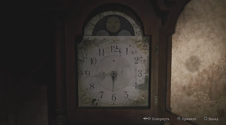 Осмотрите дыру в стене, чтобы найти там секундную стрелку, после чего вернитесь в комнату с часами и установите ее на 3 часа (вправо).
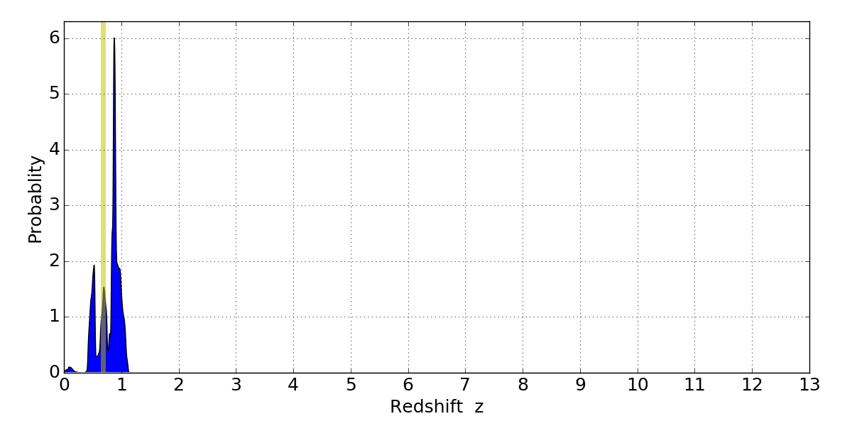 In P(z) plots: Yellow lines mark the cluster redshift z = 0.677,
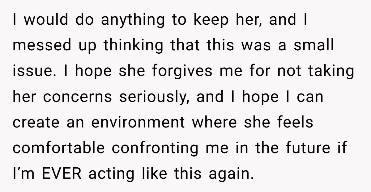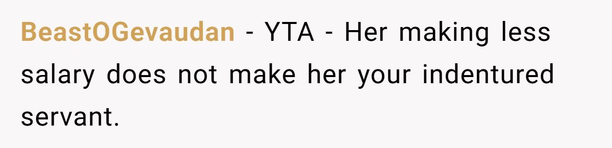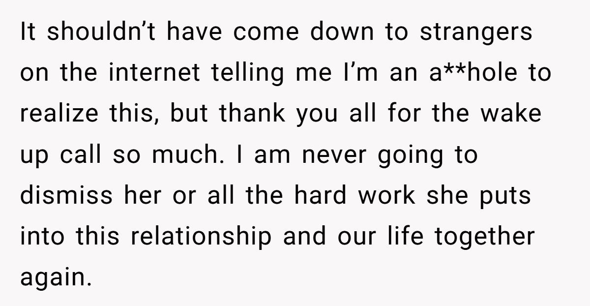 This Redditor’s “I pay more, so I clean less” logic left his relationship as messy as his bathroom floor. His girlfriend didn’t just need help vacuuming, she needed to feel like an equal partner. While his recent shift in attitude is promising, trust and balance don’t come from a single apology, they come from ongoing effort.
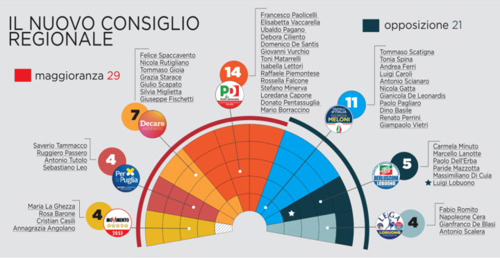 Confermati al Pd 3 seggi a Bari (Paolicelli, Vaccarella, Pagano) ed altrettanti nella Bat (Ciliento, De Santis, Vurchio), 2 a Brindisi (Matarrelli, Lettori), Foggia (Piemontese, Falcone), Lecce (Minerva, Capone) e Taranto (Pentassuglia, Borraccino). La lista civica di Decaro si aggiudica 2 seggi a Foggia (Starace, Scapato) ed 1 nelle altre province (Fischetti, Gioia, Miglietta, Rutigliano, Spaccavento, ). Al Movimento Cinque Stelle va solo 1 seggio a Bari (La Ghezza), Foggia (Barone), Lecce (Casili) e Taranto (Angolano). Alla lista “Per” vanno 1 seggio a Bari (Tammacco) , Bat (Passero), Foggia (Tutolo) e Lecce (Leo) .
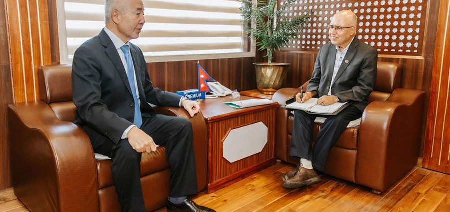 काठमाडौं । अर्थमन्त्री रामेश्वर खनाल र नेपालका लागि जापानका राजदूत माएदा तोरुबीच भेटवार्ता भएको छ । आइतबार अर्थ मन्त्रालयमा भएको भेटमा अर्थमन्त्री खनाल र जापानी राजदूत तोरुबीच नेपालको हालको परिवर्तित अवस्था, नेपाल–जापान ऐतिहासिक सम्बन्ध र जापानले नेपालको आर्थिक सामाजिक विकासमा पुर्याइरहेको सहयोगका विषयमा छलफल भएको छ । छलफलमा अर्थमन्त्री खनालले विशिष्ट परिस्थतिमा गठन भएको वर्तमान सरकारको मुख्य काम तोकिएको समयमा निर्वाचन सम्पन्न गर्नु रहेको बताए । यो अवधिमा पुनर्निर्माण लगायत आर्थिक सामाजिक विकासका कामलाई निरन्तरता दिइने उनले बताए । उक्त अवसरमा निर्माणाधीन नागढुंगा टनेल मार्ग परियोजना, तनहुँ जलविद्युत् आयोजना लगायत सहयोगका क्षेत्रबारे छलफल भएको छ । निकट भविष्यमा सम्झौता हुन गइरहेको कोटेश्वर इन्टरसेक्सन सुधार परियोजना, बीपी राजमार्ग पुननिर्माण सहित परियोजनाबारे समेत छलफल भएको छ । बैठकमा अर्थ सचिव घनश्याम उपाध्याय र वैदेशिक सहायता समन्वय महाशाखा सहसचिव धनीराम शर्मा समेत उपस्थित थिए ।
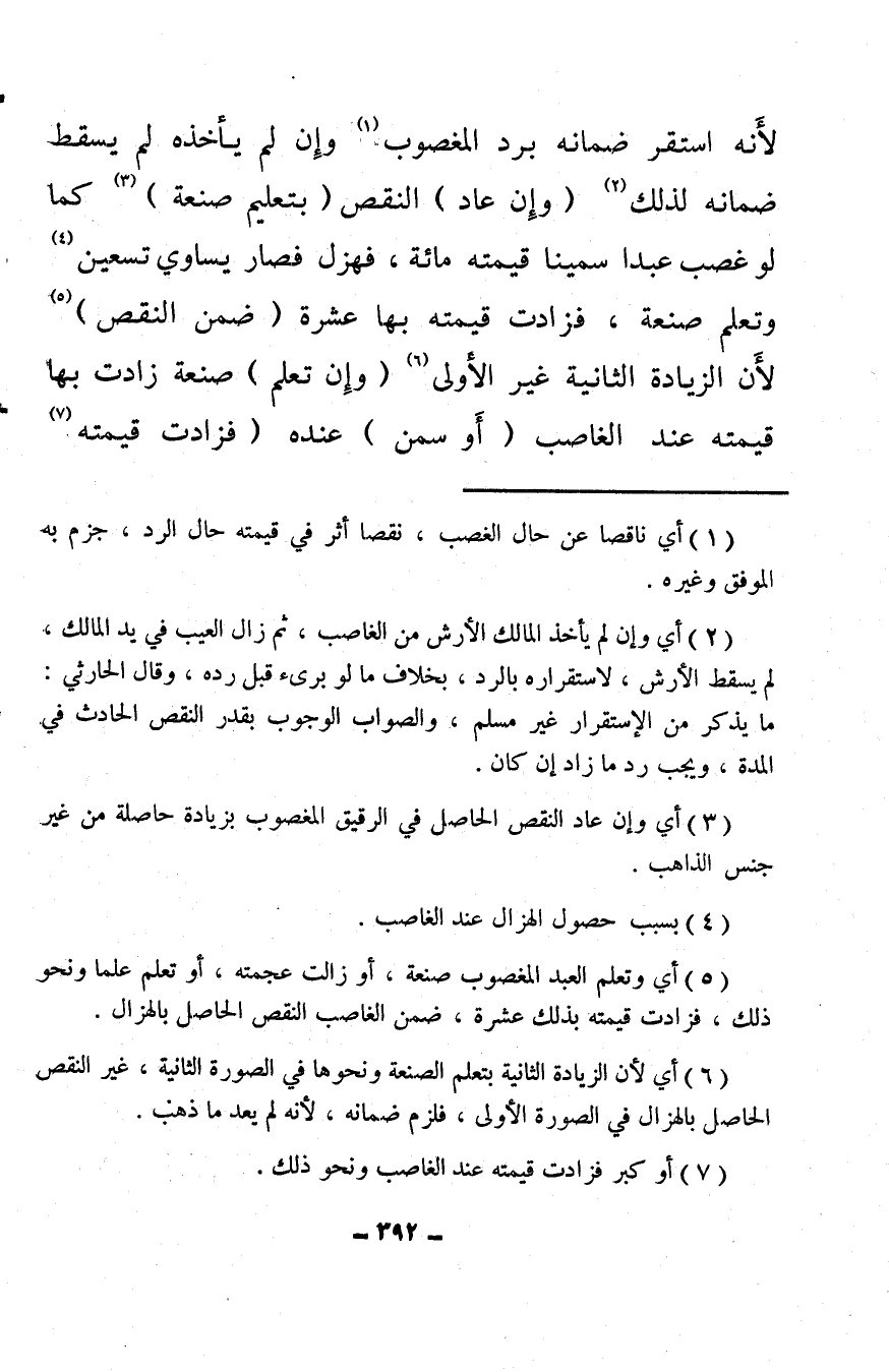 (¬6) أي لأن الزيادة الثانية بتعلم الصنعة ونحوها في الصورة الثانية، غير النقص الحاصل بالهزال في الصورة الأولى، فلزم ضمانه، لأنه لم يعد ما ذهب.
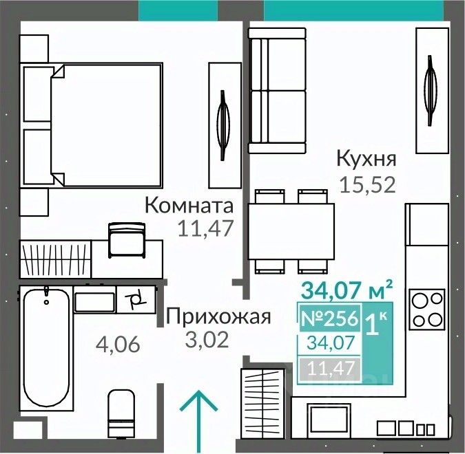Продаётся 1-комнатная квартира в строящемся доме (С7), срок сдачи: III-кв. 2027, общей площадью 34.07 кв.м., на 1 этаже. Жилой квартал "Абрикос" - начало яркой истории жизни в прогрессивном районе Симферополя - Семья городских кварталов "Крымская Роза".
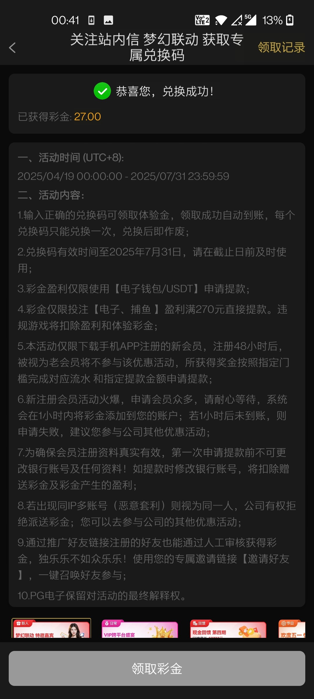 以前有玩过澳门2015的登录看站内信,里面有个优惠码,然后注册677兑换即可,白嫖勿充值.
--------------------
WORK ITEM
With the pictures left aside, write out all of the records above exactly.

SOLVED EXERCISE
 Осмотрите дыру в стене, чтобы найти там секундную стрелку, после чего вернитесь в комнату с часами и установите ее на 3 часа (вправо).
 In P(z) plots: Yellow lines mark the cluster redshift z = 0.677,
 This Redditor’s “I pay more, so I clean less” logic left his relationship as messy as his bathroom floor. His girlfriend didn’t just need help vacuuming, she needed to feel like an equal partner. While his recent shift in attitude is promising, trust and balance don’t come from a single apology, they come from ongoing effort.
 Confermati al Pd 3 seggi a Bari (Paolicelli, Vaccarella, Pagano) ed altrettanti nella Bat (Ciliento, De Santis, Vurchio), 2 a Brindisi (Matarrelli, Lettori), Foggia (Piemontese, Falcone), Lecce (Minerva, Capone) e Taranto (Pentassuglia, Borraccino). La lista civica di Decaro si aggiudica 2 seggi a Foggia (Starace, Scapato) ed 1 nelle altre province (Fischetti, Gioia, Miglietta, Rutigliano, Spaccavento, ). Al Movimento Cinque Stelle va solo 1 seggio a Bari (La Ghezza), Foggia (Barone), Lecce (Casili) e Taranto (Angolano). Alla lista “Per” vanno 1 seggio a Bari (Tammacco) , Bat (Passero), Foggia (Tutolo) e Lecce (Leo) .
 काठमाडौं । अर्थमन्त्री रामेश्वर खनाल र नेपालका लागि जापानका राजदूत माएदा तोरुबीच भेटवार्ता भएको छ । आइतबार अर्थ मन्त्रालयमा भएको भेटमा अर्थमन्त्री खनाल र जापानी राजदूत तोरुबीच नेपालको हालको परिवर्तित अवस्था, नेपाल–जापान ऐतिहासिक सम्बन्ध र जापानले नेपालको आर्थिक सामाजिक विकासमा पुर्याइरहेको सहयोगका विषयमा छलफल भएको छ । छलफलमा अर्थमन्त्री खनालले विशिष्ट परिस्थतिमा गठन भएको वर्तमान सरकारको मुख्य काम तोकिएको समयमा निर्वाचन सम्पन्न गर्नु रहेको बताए । यो अवधिमा पुनर्निर्माण लगायत आर्थिक सामाजिक विकासका कामलाई निरन्तरता दिइने उनले बताए । उक्त अवसरमा निर्माणाधीन नागढुंगा टनेल मार्ग परियोजना, तनहुँ जलविद्युत् आयोजना लगायत सहयोगका क्षेत्रबारे छलफल भएको छ । निकट भविष्यमा सम्झौता हुन गइरहेको कोटेश्वर इन्टरसेक्सन सुधार परियोजना, बीपी राजमार्ग पुननिर्माण सहित परियोजनाबारे समेत छलफल भएको छ । बैठकमा अर्थ सचिव घनश्याम उपाध्याय र वैदेशिक सहायता समन्वय महाशाखा सहसचिव धनीराम शर्मा समेत उपस्थित थिए ।
 (¬6) أي لأن الزيادة الثانية بتعلم الصنعة ونحوها في الصورة الثانية، غير النقص الحاصل بالهزال في الصورة الأولى، فلزم ضمانه، لأنه لم يعد ما ذهب.
Продаётся 1-комнатная квартира в строящемся доме (С7), срок сдачи: III-кв. 2027, общей площадью 34.07 кв.м., на 1 этаже. Жилой квартал "Абрикос" - начало яркой истории жизни в прогрессивном районе Симферополя - Семья городских кварталов "Крымская Роза".
 以前有玩过澳门2015的登录看站内信,里面有个优惠码,然后注册677兑换即可,白嫖勿充值.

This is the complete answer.